Но в августе 1914 благостная картина интеграции немецкого элемента в русское общество разбилась вдребезги. Рост антигерманских настроений был характерен для обществ всех стран Антанты и Россия была не исключением, но положение русских немцев в Российской империи перед Первой мировой бойней заметно отличалось от положения представителей нетитульной нации в других странах участниках конфликтов. Правая пресса сразу же начала кампанию травли, выпуская в печать тексты, в которых гонимые прежде евреи, если бы читали эти газеты, с удивлением могли обнаружить статьи в которых замени слова “немец и тевтон” на “еврей, иудей, жид”, то получишь типичную антисемитскую статью. Официальная пресса тоже не отставала, хоть градус неадеквата и был заметно меньше, но общая линия была схожей – они не мы, немец нам не товарищ. Буквально за месяц антигерманская истерия захватила общество, причем чем выше было положение людей, тем сильнее она захватывала умы. Русское общество, расколотое противоречиями, внезапно получило зримого общего врага и с воодушевлением неофита накинулось на него.
В регионах после объявления о начале войн еще, по привычке, прокатывались еврейские погромы погромы (что конечно же добавляло сюра, так как война с Германией, а виноваты все равно евреи), но праведная ярость ратующих за самодержавность “патриотов” довольно быстро перекинулась на немцев. Для генералов, чиновников, банкиров и крупных фабрикантов и землевладельцев практически ничего не изменилось – достаточно было показательно собрать деньги на нужды фронта или сходить в лазарет к раненным, а вот всем остальным пришлось туго. Антинемецкие погромы в обеих столицах прокатились еще до начала боевых действий на фронте, отличаясь от еврейских разве что большей цивилизованность, проявившуюся в отсутствии жертв. Начало боевых действий и введение военного положения вкупе с оттоком молодежи на фронт снизило их количество, но не избавило от них полностью. Некоторые немцы меняли фамилии на русские, уступали долю в бизнесе русским лишь бы их перестали бояться, витрины перестали громить, а на входе перестали появляться листки с призывом “Покупай русское у русских!”. Хоть не убивали…

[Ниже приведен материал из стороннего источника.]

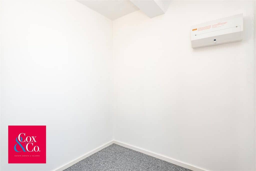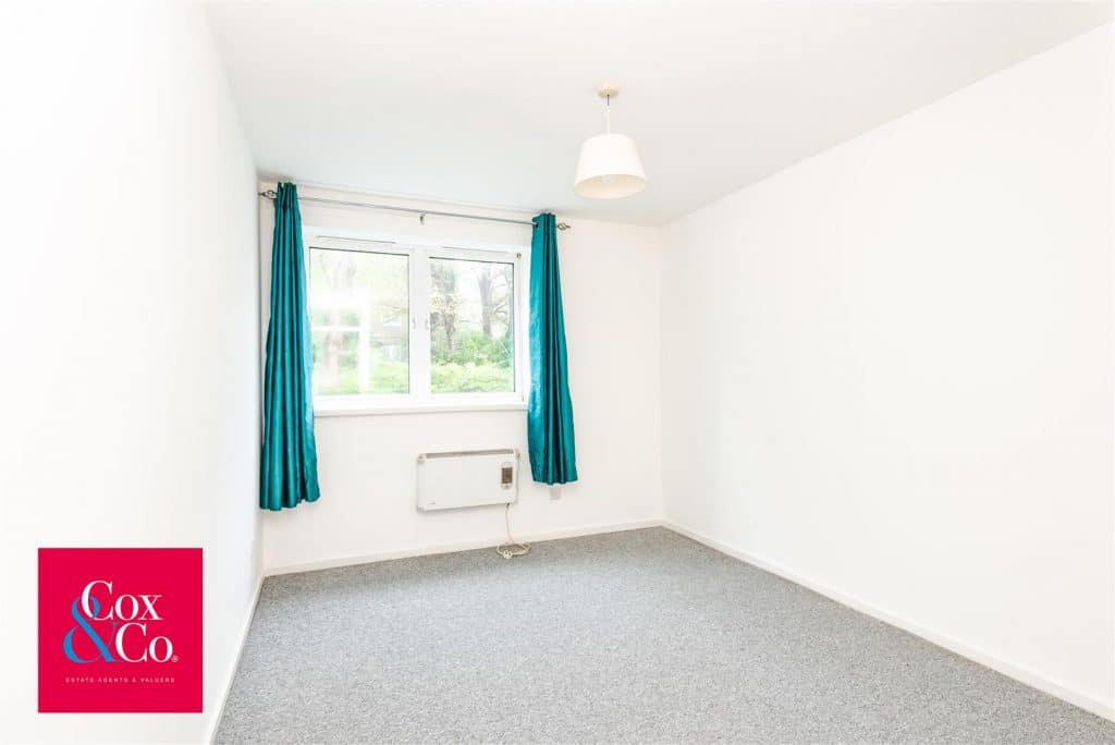 The apartment features a bathroom with a shower-over-bath and basin, accompanied by a separate WC conveniently located off the hallway. Further along, you’ll find a versatile study/storage room—ideal as a home office, hobby room, or additional storage space to suit your needs. There is also a built-in storage cupboard off the hallway for added convenience.
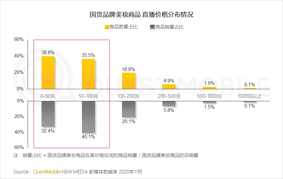 但是在营销的另一个战场——直播电商中,国货品牌悄然发力已经显示了效果:首先是上架商品数量最多,直播玩儿的最嗨;其次是在一些热门品类上,比如说面膜、精华,能够跟欧美品牌分庭抗礼;第三是在价位上,百元内性价比产品直接对抗欧美品牌的200-500元中高端产品……
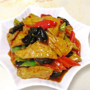 水开放炸好的豆腐,木耳,青红椒,炒匀。根据颜色放生抽,老抽或者红烧酱油调色,调半小碗水淀粉勾芡,淋点明油出锅装盘。
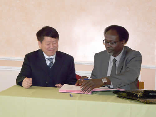 我所朱日祥所长(左)和法国奥尔良大学Y. Toure校长(右)在合作协议书上签字
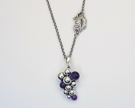 ブドウのデザインの飾り石の中で、ブラックアゲイトはシャープな印象がございますが、アメシストはブドウらしくて、柔和な雰囲気を感じます。 ラージサイズよりも、普段にお気軽に着けて頂けます。 3粒のアメシストはお色の濃さや透明度に違いがあり、内包物が見られます。 生産中止となったのが、とても残念です。
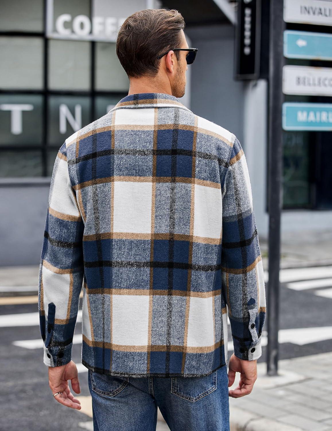 COOFANDY Men’s Flannel Shirts Casual Button Down Plaid Shirt Jacket Long Sleeve Fleece Shacket with Pockets(Blue)
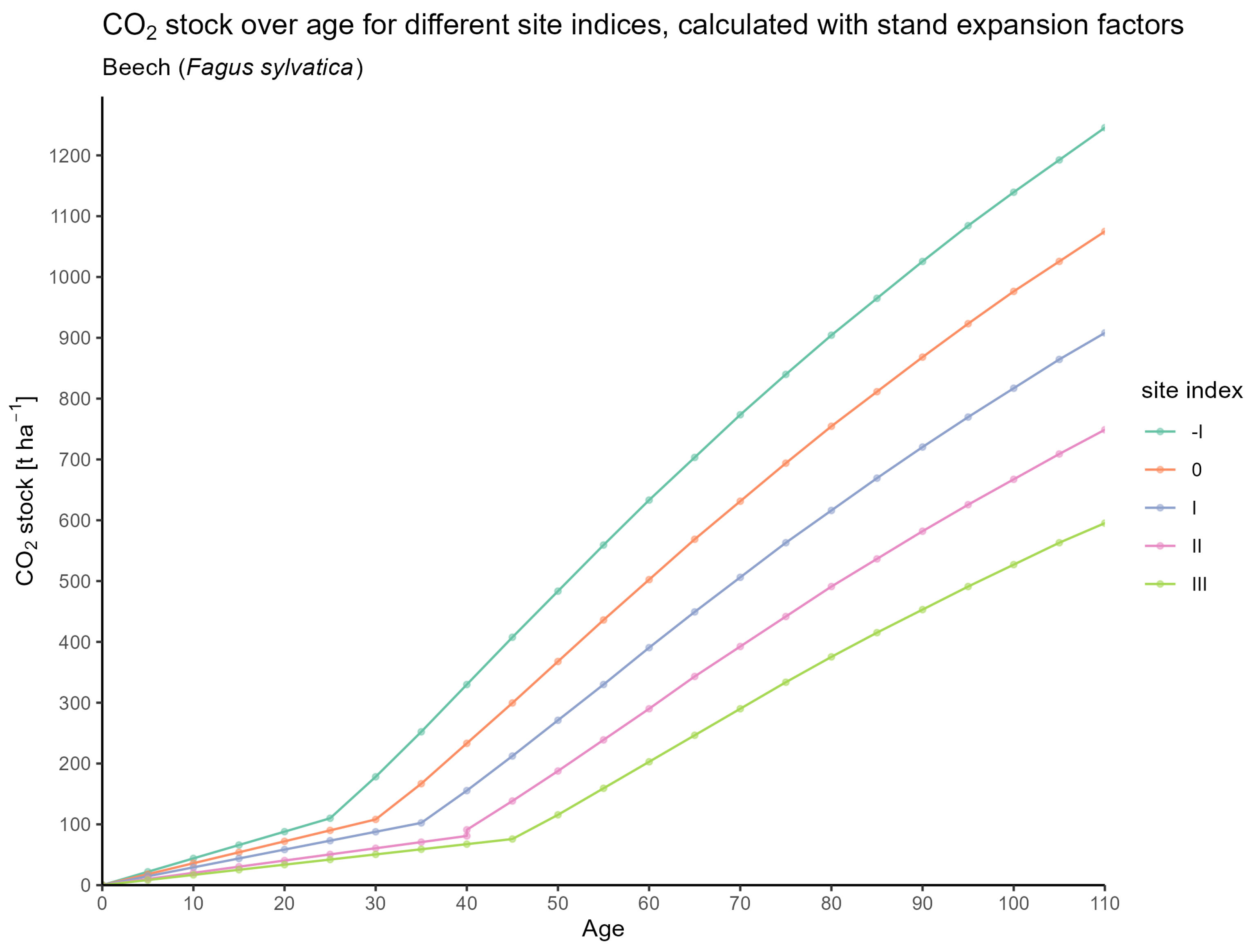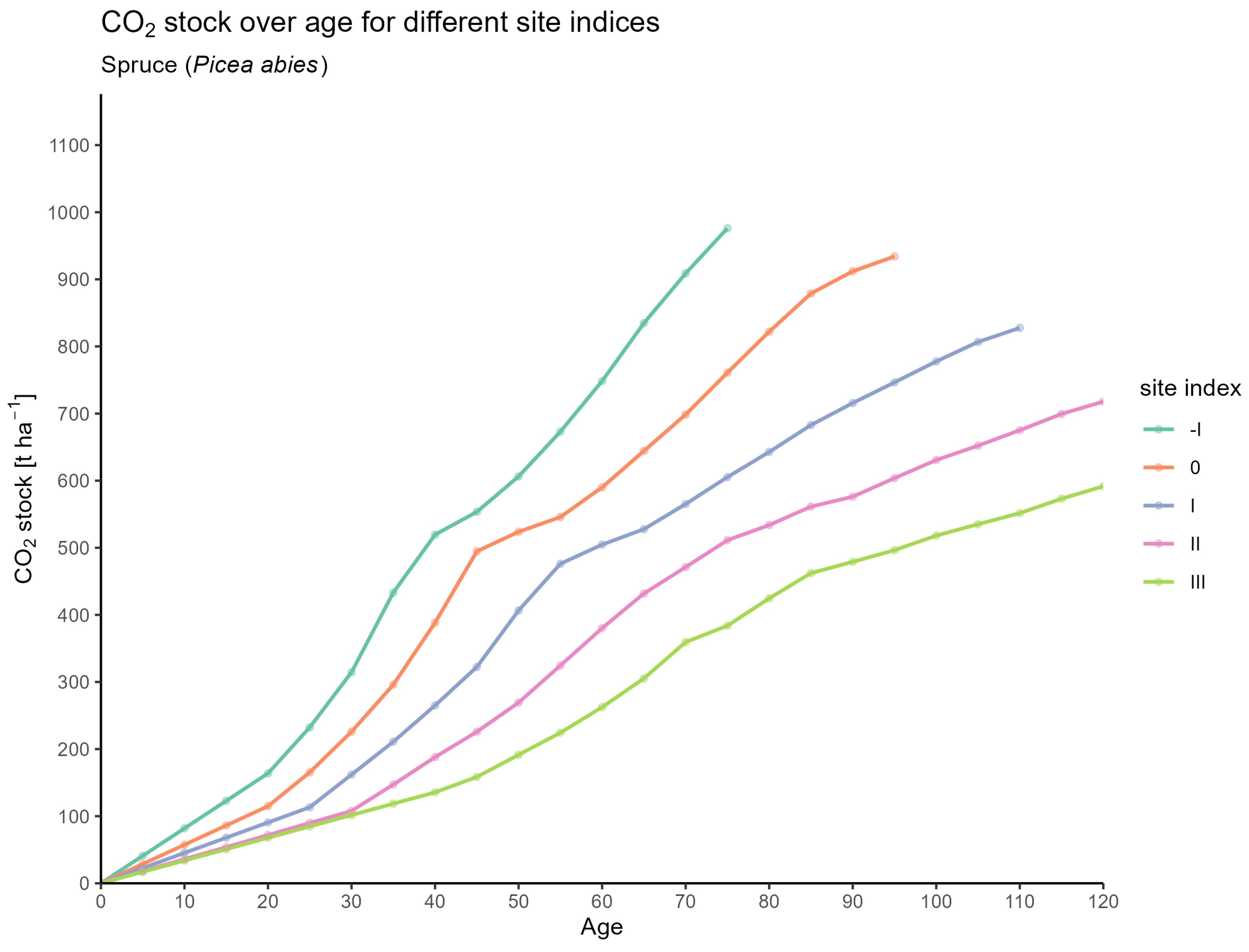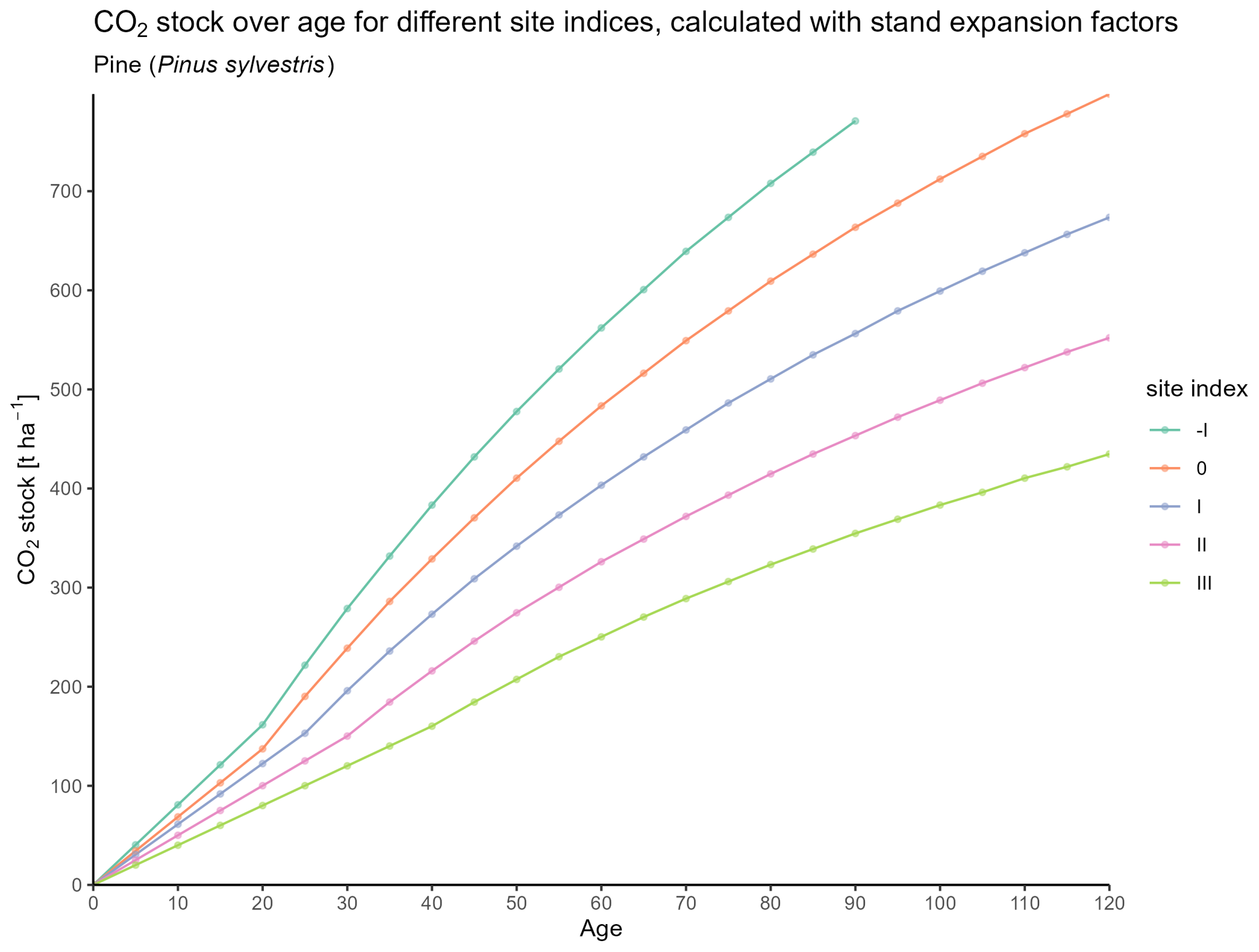 | Age | SI | N | H | H100 | BA | dbh | dbh100 | S | N_YFT | BA_YFT | dbh_YFT | S_YFT | CAI | TVP | MAI | ABV_CO2_SINGLE | ABV_CO2_YFT_SINGLE | ROOT_CO2_SINGLE | ROOT_CO2_YFT_SINGLE | FULL_TREE_CO2 | STAND_CO2 | FULL_TREE_CO2_YFT | STAND_CO2_YFT | TVP_CO2 | MAI_CO2 | CAI_CO2 |

Государственный аппарат, состоявший не меньше чем на 10% из потомков немцев, тоже не удержался от скатывания в антигерманскую паранойю. Уже в августе месяце в регионы были разосланы циркуляры с требованием найти и интернировать всех немецкоподданых, как военнопленных. Вполне логичный и разумный шаг – такие же указы в то же время распространялись и в Англии и Франции, но особенностью российского стала необходимость русским немцам самим доказывать свое подданство, что удавалось далеко не всегда и не всем. Российская Империя до войны была куда лояльнее к переселенцам с чужим подданством, чем можно предположить, кроме того, хотя процесс получения подданства и был четко прописан, никто не отменял бюрократию, когда нужная бумажка бесследно исчезала в недрах архива или не появлялась в нем вовсе.
Правительство, поддавшееся всеобщей шпиономании, усомнилось в верности русских немцев, особенно по отношению к довольно замкнутым общинам немецких колонистов. В августе 1914 во все губернские полицейские управления были разосланы тайные приказы составить список всех «неблагонадежных». Попасть в такой список было делом немудреным: кроме социалистов и немцев, принявших русское подданство, туда автоматом попадали немцы, поляки, прибалты – достаточно было иметь звучащую “по-немецки” фамилию. Общество, накрученное газетными историями о немецких шпионах, снующих повсюду, готово было признать таковым любого, особенно если он себя как-то “странно” вел (зачем булочнику во дворе голубятня? – шифровки Кайзеру отправляет конечно же; ой, г-н Штрассер громоотвод у себя поставил у дома – врёт небось, радио это, шифровки в Берлин шлет и т.д. и т.п.). Так, в Степном генерал-губернаторстве в 1915 году главной темой не протяжении месяцев были “неизвестные аэропланы”, которые, согласно газетам, летали над Омском и окрестностями, как будто что-то разведывали. Тут же находились и свидетели, которые утверждали, что аэропланы садились в угодьях немцев, после чего делался логичный вывод, что немцы шпионят за омичами и передают потом Кайзеру ценнейшую информацию.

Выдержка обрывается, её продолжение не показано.